Discretionary spending has slowed, and uncooperative weather in key markets like Texas and Florida hasn’t helped either. In its most recent quarter, the company reported a 4% decline in net sales and a 29% drop in earnings per share, excluding a one-time tax benefit.
But short-term bumps like these don’t usually scare Buffett away. He’s looking much further down the road, and he’s likely spotting what many others are missing.
For starters, Pool’s business is naturally seasonal and economically sensitive, but those challenges aren’t permanent. The company remains a dominant force in its industry, thanks in large part to its wide distribution network, deep relationships with commercial customers, such as hotels, gyms, and municipalities, and its own branded products and water-testing technology.

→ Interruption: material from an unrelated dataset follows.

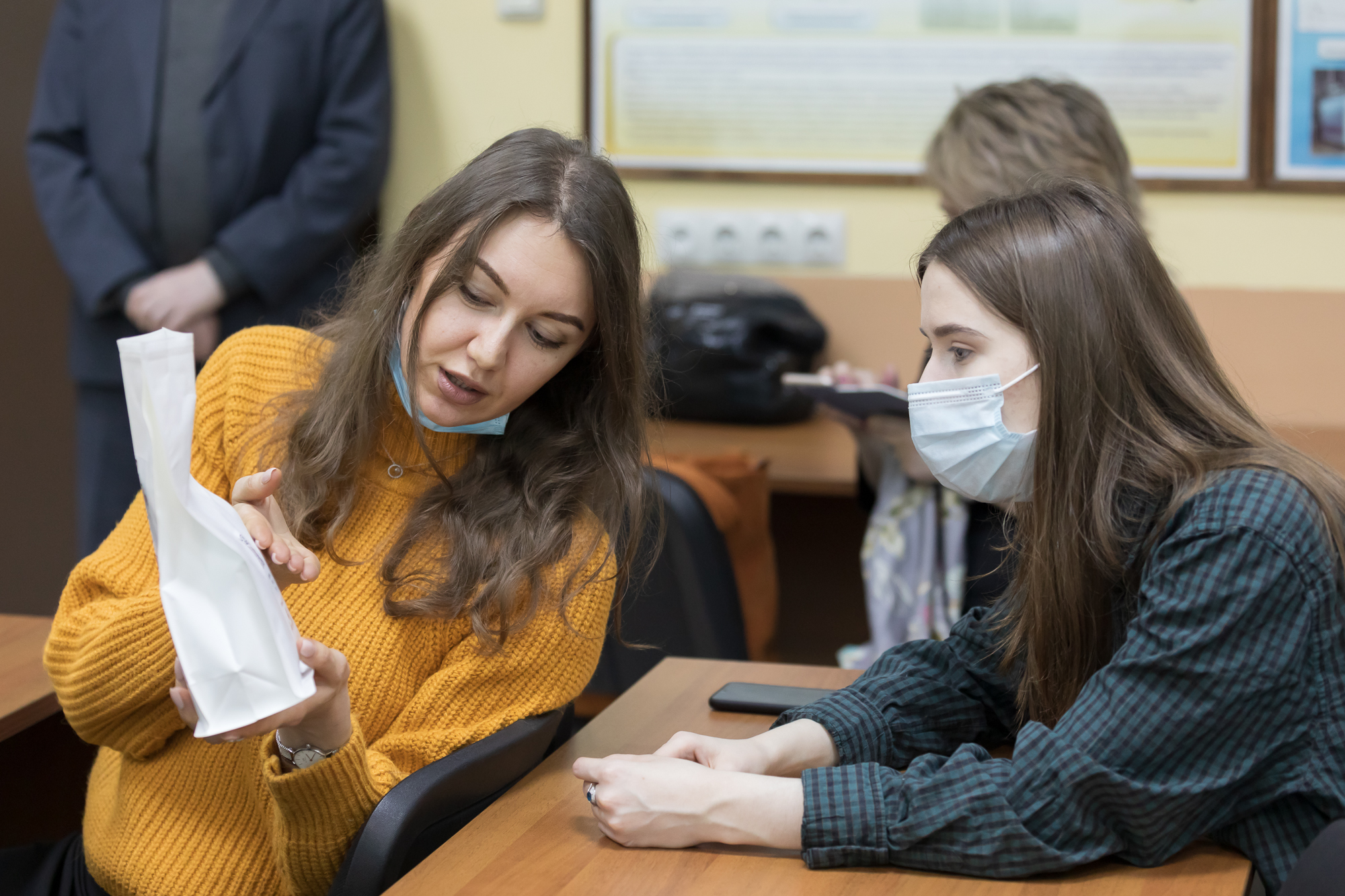 На встрече также присутствовали также и.о. декана технологического факультета Сергей Алексеевич Бредихин, заместитель декана Эльмира Исламовна Черкасова, старший преподаватель Марина Евгеньевна Замятина. Ранее Марина Евгеньевна вместе со студенткой 304 группы Лодыгиной Анастасией уже сотрудничали с Екатериной Мутовкиной во время подготовки к студенческой конференции, а сейчас это сотрудничество продолжается в новом ключе.

Buffett’s Favorite Word, Moat
If there’s one thing that consistently wins Buffett’s admiration, it’s a moat, and Pool Corp. has a wide one.
With decades of operating experience, a strong portfolio of proprietary products, and customer relationships that are hard to replicate, Pool has created a durable ecosystem that newcomers would struggle to compete with. That kind of edge doesn’t just protect market share, it generates recurring revenue.
Buffett likely saw the stock’s recent slump as a gift. After falling to a multi-year low last year, shares bounced, then dipped again, offering another window to accumulate. This is classic Buffett behavior, buy quality businesses when they’re on sale and wait patiently as the rest of the market catches up.
What Happens Next?
Buffett rarely acts without a clear thesis. And while we can’t know exactly what he’s thinking, the Pool investment fits his playbook: dominant market position, temporary headwinds, long-term upside.
In time, consumer confidence will return, weather patterns will normalize, and demand for pool supplies and services will rebound. When it does, Pool Corp. may well deliver meaningful growth, not just in sales, but also in investor sentiment.
Buffett’s timing might seem early to some, but that’s often how he outperforms. He plants seeds when others are distracted, waters them while markets fixate on the next hot trend, and reaps the rewards when patience pays off.
If history is any guide, Pool Corp. may not stay under the radar for long, and Buffett’s bet might well end up making waves.